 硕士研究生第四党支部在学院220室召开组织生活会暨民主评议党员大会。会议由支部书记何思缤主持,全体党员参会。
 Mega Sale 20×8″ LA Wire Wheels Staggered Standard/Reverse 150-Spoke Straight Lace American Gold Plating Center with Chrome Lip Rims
* * *
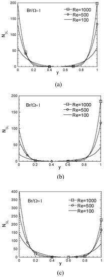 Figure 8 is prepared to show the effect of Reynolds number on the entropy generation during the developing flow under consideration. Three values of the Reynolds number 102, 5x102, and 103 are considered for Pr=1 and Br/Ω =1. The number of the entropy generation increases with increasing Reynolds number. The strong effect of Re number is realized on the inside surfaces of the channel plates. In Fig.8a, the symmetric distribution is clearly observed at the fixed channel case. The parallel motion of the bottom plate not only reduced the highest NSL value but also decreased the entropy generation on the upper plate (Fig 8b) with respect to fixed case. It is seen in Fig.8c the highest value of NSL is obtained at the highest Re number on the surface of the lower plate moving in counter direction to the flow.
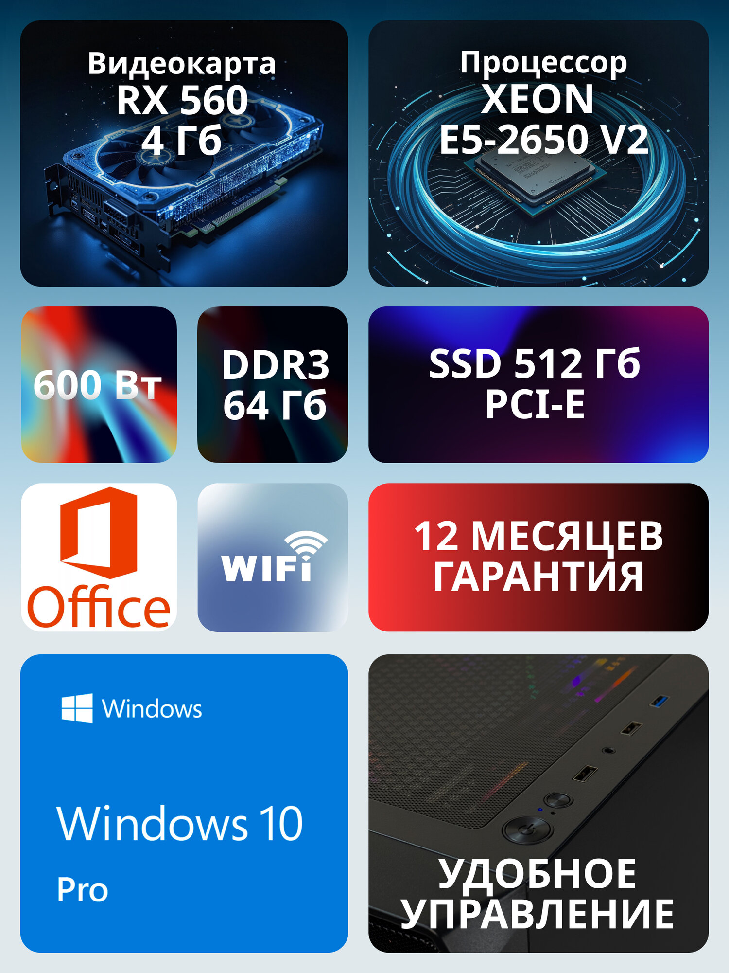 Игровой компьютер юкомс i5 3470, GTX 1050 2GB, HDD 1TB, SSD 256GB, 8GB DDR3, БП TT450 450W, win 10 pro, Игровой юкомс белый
* * *
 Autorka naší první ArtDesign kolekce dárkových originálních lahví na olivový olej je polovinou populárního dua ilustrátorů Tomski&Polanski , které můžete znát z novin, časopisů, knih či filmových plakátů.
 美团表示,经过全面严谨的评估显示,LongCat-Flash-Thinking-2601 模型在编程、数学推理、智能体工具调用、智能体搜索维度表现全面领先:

» **INSTRUCTIONS TO FOLLOW**: All that is wanted is a faithful reproduction of the line above with "硕士研究生第四党支部在学院2", the line with "Mega Sale 20×8″", and every line in between.

» **EXERCISE OUTPUT**:
 硕士研究生第四党支部在学院220室召开组织生活会暨民主评议党员大会。会议由支部书记何思缤主持,全体党员参会。
 Mega Sale 20×8″ LA Wire Wheels Staggered Standard/Reverse 150-Spoke Straight Lace American Gold Plating Center with Chrome Lip Rims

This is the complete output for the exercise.